It is not necessary to start with the full Fourier series to obtain the sine and cosine series. The sine series is really the eigenfunction expansion of \(f(t)\) using eigenfunctions of the eigenvalue problem \(x''+\lambda x=0\) \(x(0)=0\), \(x(L)=L\). The cosine series is the eigenfunction expansion of \(f(t)\) using eigenfunctions of the eigenvalue problem \(x''+\lambda x=0\), \(x'(0)=0\), \(x'(L)=L\). We could have, therefore, gotten the same formulas by defining the inner produ

\[ \left \langle f(t),g(y)\right \rangle =\int _0^L f(t)g(t)\,dt, \nonumber \]

and following the procedure of Section 4.2. This point of view is useful, as we commonly use a specific series that arose because our underlying question led to a certain eigenvalue problem. If the eigenvalue problem is not one of the three we covered so far, you can still do an eigenfunction expansion, generalizing the results of this chapter. We will deal with such a generalization in Chapter 5.
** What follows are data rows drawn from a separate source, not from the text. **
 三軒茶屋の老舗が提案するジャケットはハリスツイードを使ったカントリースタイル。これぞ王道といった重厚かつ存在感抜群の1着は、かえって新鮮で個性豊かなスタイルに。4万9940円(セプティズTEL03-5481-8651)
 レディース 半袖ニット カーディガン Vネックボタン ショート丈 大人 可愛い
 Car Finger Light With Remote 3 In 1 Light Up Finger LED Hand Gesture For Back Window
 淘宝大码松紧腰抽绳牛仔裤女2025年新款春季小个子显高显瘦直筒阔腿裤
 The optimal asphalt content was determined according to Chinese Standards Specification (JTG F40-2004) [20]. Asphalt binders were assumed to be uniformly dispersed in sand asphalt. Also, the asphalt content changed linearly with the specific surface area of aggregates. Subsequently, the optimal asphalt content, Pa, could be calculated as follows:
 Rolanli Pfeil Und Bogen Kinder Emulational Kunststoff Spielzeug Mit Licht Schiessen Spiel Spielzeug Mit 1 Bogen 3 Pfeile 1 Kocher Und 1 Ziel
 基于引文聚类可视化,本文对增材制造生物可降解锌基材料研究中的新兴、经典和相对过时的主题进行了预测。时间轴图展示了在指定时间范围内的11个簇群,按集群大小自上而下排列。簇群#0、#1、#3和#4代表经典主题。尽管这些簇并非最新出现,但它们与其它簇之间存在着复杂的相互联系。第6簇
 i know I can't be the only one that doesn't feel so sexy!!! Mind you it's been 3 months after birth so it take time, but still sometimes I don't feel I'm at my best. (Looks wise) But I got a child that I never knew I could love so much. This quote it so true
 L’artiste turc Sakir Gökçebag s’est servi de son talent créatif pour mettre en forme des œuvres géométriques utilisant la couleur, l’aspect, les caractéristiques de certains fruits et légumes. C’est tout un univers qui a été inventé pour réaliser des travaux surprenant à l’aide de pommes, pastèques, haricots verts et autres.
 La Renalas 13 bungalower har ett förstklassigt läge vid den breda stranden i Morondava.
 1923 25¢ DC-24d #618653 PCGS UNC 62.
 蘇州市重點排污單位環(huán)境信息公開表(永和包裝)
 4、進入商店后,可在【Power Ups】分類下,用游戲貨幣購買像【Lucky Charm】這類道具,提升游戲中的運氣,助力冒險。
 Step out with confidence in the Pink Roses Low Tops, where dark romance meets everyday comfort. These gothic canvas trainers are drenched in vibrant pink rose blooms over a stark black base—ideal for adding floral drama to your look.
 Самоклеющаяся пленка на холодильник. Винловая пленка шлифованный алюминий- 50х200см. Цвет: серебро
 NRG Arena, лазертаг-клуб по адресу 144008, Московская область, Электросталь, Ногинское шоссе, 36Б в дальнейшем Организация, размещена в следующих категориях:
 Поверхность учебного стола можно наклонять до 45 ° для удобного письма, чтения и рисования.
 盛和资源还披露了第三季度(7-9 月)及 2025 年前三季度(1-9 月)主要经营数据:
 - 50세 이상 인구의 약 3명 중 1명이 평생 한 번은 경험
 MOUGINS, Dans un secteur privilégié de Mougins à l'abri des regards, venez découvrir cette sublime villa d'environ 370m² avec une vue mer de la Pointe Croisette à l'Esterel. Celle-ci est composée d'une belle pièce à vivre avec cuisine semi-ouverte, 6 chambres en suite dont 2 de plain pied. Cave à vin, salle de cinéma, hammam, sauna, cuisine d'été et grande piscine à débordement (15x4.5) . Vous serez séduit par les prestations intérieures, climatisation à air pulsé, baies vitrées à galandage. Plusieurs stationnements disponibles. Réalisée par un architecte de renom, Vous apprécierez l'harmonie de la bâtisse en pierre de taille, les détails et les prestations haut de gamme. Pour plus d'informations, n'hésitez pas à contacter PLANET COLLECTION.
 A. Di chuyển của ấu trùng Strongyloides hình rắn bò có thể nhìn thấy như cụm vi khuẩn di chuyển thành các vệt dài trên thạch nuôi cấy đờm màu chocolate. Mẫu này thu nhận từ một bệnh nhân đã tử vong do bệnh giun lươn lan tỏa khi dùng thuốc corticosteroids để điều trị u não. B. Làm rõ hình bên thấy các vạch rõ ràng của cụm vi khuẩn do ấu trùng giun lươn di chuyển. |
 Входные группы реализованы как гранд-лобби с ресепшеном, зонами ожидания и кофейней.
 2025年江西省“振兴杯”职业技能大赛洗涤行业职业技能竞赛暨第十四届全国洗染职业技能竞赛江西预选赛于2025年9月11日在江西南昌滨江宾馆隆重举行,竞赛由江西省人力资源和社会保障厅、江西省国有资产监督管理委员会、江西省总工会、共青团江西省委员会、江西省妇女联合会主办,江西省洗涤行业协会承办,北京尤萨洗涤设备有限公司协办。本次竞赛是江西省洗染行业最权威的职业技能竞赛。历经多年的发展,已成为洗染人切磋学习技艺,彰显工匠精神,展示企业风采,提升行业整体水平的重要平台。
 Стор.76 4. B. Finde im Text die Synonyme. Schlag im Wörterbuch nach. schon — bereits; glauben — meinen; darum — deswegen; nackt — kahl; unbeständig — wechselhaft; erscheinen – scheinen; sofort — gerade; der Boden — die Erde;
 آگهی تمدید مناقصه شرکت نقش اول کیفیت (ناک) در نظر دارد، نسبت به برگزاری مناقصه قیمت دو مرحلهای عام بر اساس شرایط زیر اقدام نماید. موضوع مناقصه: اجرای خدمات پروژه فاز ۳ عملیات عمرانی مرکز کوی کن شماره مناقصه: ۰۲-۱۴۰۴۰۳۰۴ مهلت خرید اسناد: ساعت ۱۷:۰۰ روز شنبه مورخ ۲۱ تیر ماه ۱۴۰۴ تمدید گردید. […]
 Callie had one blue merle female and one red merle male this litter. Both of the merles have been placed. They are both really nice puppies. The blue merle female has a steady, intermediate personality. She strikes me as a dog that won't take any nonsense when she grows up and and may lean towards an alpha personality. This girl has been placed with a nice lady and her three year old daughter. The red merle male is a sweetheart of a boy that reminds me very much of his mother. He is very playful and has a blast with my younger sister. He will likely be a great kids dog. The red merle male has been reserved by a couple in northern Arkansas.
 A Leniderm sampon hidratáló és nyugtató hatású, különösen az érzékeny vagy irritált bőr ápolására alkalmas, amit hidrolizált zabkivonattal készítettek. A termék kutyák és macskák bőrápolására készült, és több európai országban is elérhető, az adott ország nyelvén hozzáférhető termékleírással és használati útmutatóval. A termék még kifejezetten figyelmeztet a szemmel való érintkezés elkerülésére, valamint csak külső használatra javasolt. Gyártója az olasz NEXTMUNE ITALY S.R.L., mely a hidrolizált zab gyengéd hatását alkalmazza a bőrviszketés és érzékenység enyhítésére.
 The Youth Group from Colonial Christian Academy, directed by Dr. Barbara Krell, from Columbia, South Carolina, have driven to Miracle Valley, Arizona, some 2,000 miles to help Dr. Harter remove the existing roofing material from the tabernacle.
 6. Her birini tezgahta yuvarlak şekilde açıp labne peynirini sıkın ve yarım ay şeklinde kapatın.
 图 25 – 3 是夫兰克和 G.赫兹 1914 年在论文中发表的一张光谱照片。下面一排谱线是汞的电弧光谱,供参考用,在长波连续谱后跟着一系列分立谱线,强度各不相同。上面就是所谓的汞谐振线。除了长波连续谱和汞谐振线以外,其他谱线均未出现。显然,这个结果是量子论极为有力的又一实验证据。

##### Example \(\PageIndex{2}\)

Find the Fourier series of the even periodic extension of the function \( f(t)= t^2\) for \( 0 \leq t \leq \pi\).

**Solution**

We want to write \[ f(t) = \frac{a_0}{2} + \sum_{n=1}^{\infty} a_n \cos(nt), \nonumber \] where \[ a_0= \frac{2}{\pi} \int_0^{\pi}t^2dt= \frac{2 \pi^2}{3}, \nonumber \] and

\[\begin{align}\begin{aligned} a_n &= \frac{2}{\pi} \int_0^{\pi}t^2 \cos(nt) dt= \frac{2 }{\pi} \left[ t^2 \frac{1}{n} \sin(nt)\right]_0^{\pi} - \frac{4}{n \pi} \int_0^{\pi} t \sin(nt)dt \\ &= \frac{4}{n^2 \pi} \left[ t \cos(nt)\right]_0^{\pi} + \frac{4}{n^2 \pi} \int_0^{\pi} \cos(nt)dt = \frac{4(-1)^n}{n^2}.\end{aligned}\end{align} \nonumber \]

Note that we have “detected” the continuity of the extension since the coefficients decay as \(\frac{1}{n^2}\). That is, the even extension of \(t^2\) has no jump discontinuities. It does have corners, since the derivative, which is an odd function and a sine series, has jumps; it has a Fourier series whose coefficients decay only as \(\frac{1}{n}\).

Explicitly, the first few terms of the series are

\[ \dfrac{\pi^2}{3}-4\cos{(t)}+\cos{(2t)} - \dfrac{4}{9}\cos{(3t)} + \cdots \nonumber \]

##### Exercise \(\PageIndex{3}\)

- Compute the derivative of the even extension of \(f(t)\) above and verify it has jump discontinuities. Use the actual definition of \(f(t)\), not its cosine series!
- Why is it that the derivative of the even extension of \(f(t)\) is the odd extension of \(f'(t)\)?

## Application

Fourier series ties in to the boundary value problems we studied earlier. Let us see this connection in more detail.

Suppose we have the boundary value problem for \( 0<t <L\).

\[ x''(t) + \lambda x(t) = f(t), \nonumber \]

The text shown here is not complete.